第16話 白雪姫と魔女
叩きつけるような雨が、視界と行く手を遮って私を足止めする。
重い傘を差しながら、ふらふらとした足取りで病院に向かう。
視界は雨のカーテンだけを映していて、思考はほつれた糸のように纏まりがない。
いつもの倍近く時間をかけて病院に着くと、受付を済ませて、
足が重い。どうしてか息が上がっている。
扉を開ける手が、震えている。
意を決して扉を開けて、中に入る。
部屋の中は変わらず白くて大きなベッドがあり、そこに絢は眠っていた。
「…………」
絢がこの時間に眠っているのは珍しい。
絢はいつも朝七時には起きて、それからずっと起きてると言っていた。今寝ているのはおかしい。話が合わない。

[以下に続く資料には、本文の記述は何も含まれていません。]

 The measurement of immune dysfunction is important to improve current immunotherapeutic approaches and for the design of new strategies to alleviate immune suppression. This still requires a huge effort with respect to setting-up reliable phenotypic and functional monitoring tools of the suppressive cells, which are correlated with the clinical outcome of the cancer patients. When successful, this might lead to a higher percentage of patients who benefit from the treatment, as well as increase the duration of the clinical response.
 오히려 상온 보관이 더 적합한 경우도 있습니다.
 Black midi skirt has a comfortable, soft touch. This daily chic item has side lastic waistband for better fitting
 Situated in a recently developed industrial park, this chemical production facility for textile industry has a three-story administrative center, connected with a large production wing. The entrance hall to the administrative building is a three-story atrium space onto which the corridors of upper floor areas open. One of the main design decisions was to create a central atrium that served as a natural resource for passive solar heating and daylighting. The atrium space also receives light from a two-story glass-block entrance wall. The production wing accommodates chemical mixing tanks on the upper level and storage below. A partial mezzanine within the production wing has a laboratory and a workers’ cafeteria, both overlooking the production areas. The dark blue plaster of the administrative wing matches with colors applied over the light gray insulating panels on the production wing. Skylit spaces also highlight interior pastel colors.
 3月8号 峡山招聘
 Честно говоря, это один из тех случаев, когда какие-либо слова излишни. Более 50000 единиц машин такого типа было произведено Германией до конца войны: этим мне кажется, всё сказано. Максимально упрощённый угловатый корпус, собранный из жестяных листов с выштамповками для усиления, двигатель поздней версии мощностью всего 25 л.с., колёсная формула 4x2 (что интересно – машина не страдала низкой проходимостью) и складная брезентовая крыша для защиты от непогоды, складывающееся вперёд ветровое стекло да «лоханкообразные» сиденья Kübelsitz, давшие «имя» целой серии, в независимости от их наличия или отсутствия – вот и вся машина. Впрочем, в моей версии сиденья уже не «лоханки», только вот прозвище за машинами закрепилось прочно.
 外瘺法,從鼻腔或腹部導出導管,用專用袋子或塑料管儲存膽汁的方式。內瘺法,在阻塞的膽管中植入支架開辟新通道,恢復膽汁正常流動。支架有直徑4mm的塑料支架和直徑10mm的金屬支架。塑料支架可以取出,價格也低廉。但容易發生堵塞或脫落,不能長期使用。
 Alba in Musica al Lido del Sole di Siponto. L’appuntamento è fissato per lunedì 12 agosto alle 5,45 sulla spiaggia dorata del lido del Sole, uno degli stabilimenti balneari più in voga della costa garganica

眠っているように見えるだけで、気を失っているのでは?
葉波の母親は廃人になって寝たきりだという。違う。まさか。違う寝ているだけだ。寝たきりになってしまったのでは。違う。私が廃人にしてしまったのでは。
頭の中はすでにものを考えられるような状態ではなかった。肯定と否定が入り混じって、頭が痛くなる。
静かに寝息を立てる絢は、眠れる森の美女を連想させる。
……あるいは、毒林檎を食べて永遠の眠りについた白雪姫のように。
「……違う」
──母は今も病院のベッドの上で廃人状態なんだ。
──たった一つの嘘で人は簡単に壊れる。
──依存の次は思考放棄。そして廃人。
「違う…………私は、わた、し……」
音が上手く言葉になってくれない。喉が痙攣したみたいになって言葉が出てくれない。
視界が歪んで、熱いものが頬を伝う。
鼻の奥がツンとして、目の奥が痛い。
……どうしようもなく、どうしようもない。
私がやったことは、ただ
泣き崩れる思考の隅は、何故か絢ではなく白雪姫について考えていた。
絢を白雪姫とするなら、私は魔女だろう。
……白雪姫は最後に王子様と結婚したけれど、魔女の最後はどうだったっけ。
「…………あぁ」
思い出した。魔女の最期を。
魔女は白雪姫と王子の前で、焼けた鉄の靴を履かされて、死ぬまで踊り続けたんだった。
────私が魔女であるのなら……。
静かに眠る絢を最後に見つめてから、私は静かに部屋を出て行った。